Because if a picture paints a thousand words, that face portrays a billion.
"Come As You Are" Stats:
Horatio's (croaky) Send-Off Into Credits:
Frank: Somebody wanted us to think our vic died here in this playground war.
Horatio: Frank, the war may be staged, but the murder is real.
Roger Daltrey: YEEEEEEEAAAAAAAHHHHHHHHH!!!!!
Ripped-Off Plot of the Week: Boomtown? Boomtown? Really? I'm glad they didn't wreck my memories of good movies, but even so, I'm also a bit disappointed. Why didn't they rip off Three Kings? H trying to solve the theft of Saddam's gold? That would have been magical.
Natalia's Awful Blouse of the Week: : Seriously, is the wardrobe department playing some kind of game here? This one looks like a Magic Eye painting. Or something William Morris designed in the depths of absinthe fever.

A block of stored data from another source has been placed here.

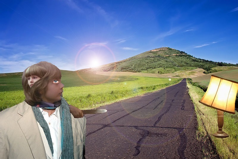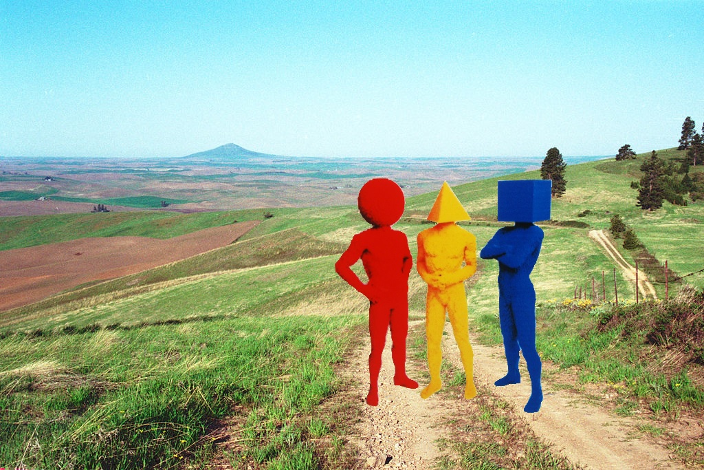 Story Room is the red figure with the sphere topped body. He’s the boss. He calls the shots. *From* him (or her) emerges two more figures: the yellow, tetahedron masked being we’ve identified with Tom’s Petty High (variant of Tom Petty and the Heartbreakers), and then the blue cube topped figure identifed with REM (variant name pending) and lead singer Steptoe Butte (Michael Stipe variant). The new little collage series, also named “Steptoe”, seems to be more about attempting to structure a variant name for REM/Michael Stipe, to follow up on the seeming success of the transformation of Tom Petty and the HB to Tom’s Petty High. The chosen name for Stipe is, first and last name, Steptoe Butte. This comes directly from a very interesting landscape feature of the same name in eastern Washington state, depicted in the distance in the first collage above. Why Steptoe for Michael? Okay, so this was the lead-in: in looking up Stipe in a geographic database, only a handful of entries came up. One was Stipe Cemetery very near Steptoe Butte. So it was examining Stipe Cemetery on maps and photos that led me quickly to this butte. I found it interesting that if you replace the “o” with an “i” in the “Steptoe”, you’d have an anagram of “Stipe”.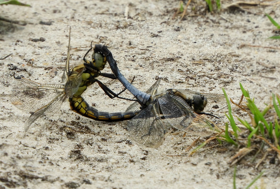 Er vloog een paringsrad van libellen voorbij. Ze landden op het pad een eindje bij ons vandaan. Door in te zoomen met de bridgecamera kon ik ze vastleggen. Geen mooie ondergrond dan wel achtergrond, maar toch krijgt deze foto hier een plekje. Het lukt mij zelden om een paringsrad van libellen vast te leggen. Volgens mij gaat het hier om de gewone oeverlibel.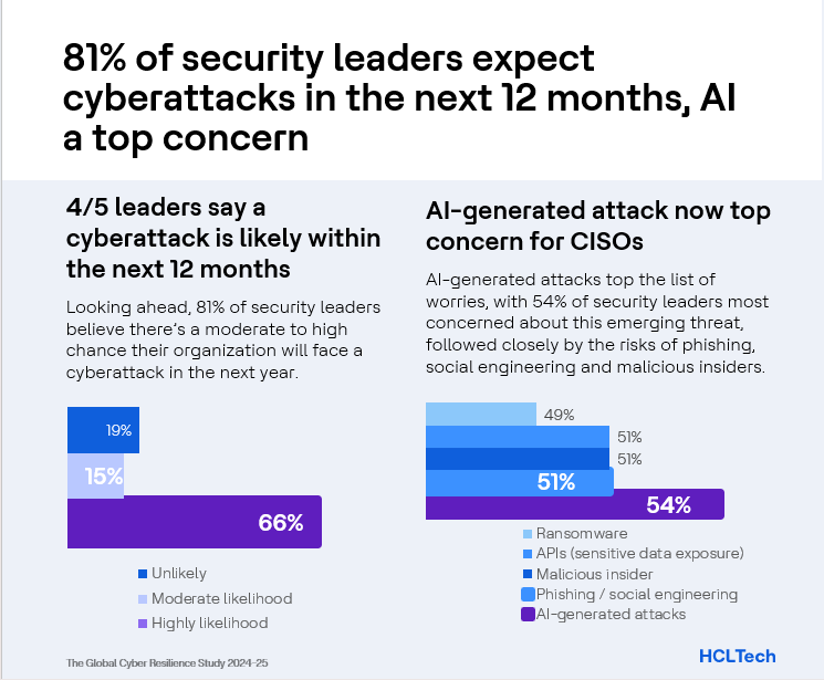 81% of security leaders expect to face a cyberattack in the next year. A survey conducted by IT consulting company HCLTech found that eight of 10 security leaders believe there’s a “moderate to high” chance their organization will face a cyberattack in the next year. AI-generated attacks were the top concern for chief information security officers, followed closely by risks of phishing, a malicious insider, and API vulnerabilities, which involve the rules that let software applications share data but could also result in harmful exposure.

Number of Caruso Two-Steps: Five.
Snottiest Behaviour From Wolfe: Besides intimidating a grieving widow with accusations of drug-dealing and faking a crime scene, he also talks down to the dodgy recruiter at length. The man would be able to fit Wolfe in his pocket, so I guess +10 points for bravado, but -100 points for being such an obnoxious little creep.
Creepiest line from Wolfe: Asking Calleigh how she got her hot little hands on a terrorist watchlist. Wolfe, just leave the women alone. They don't need your kind of "attention".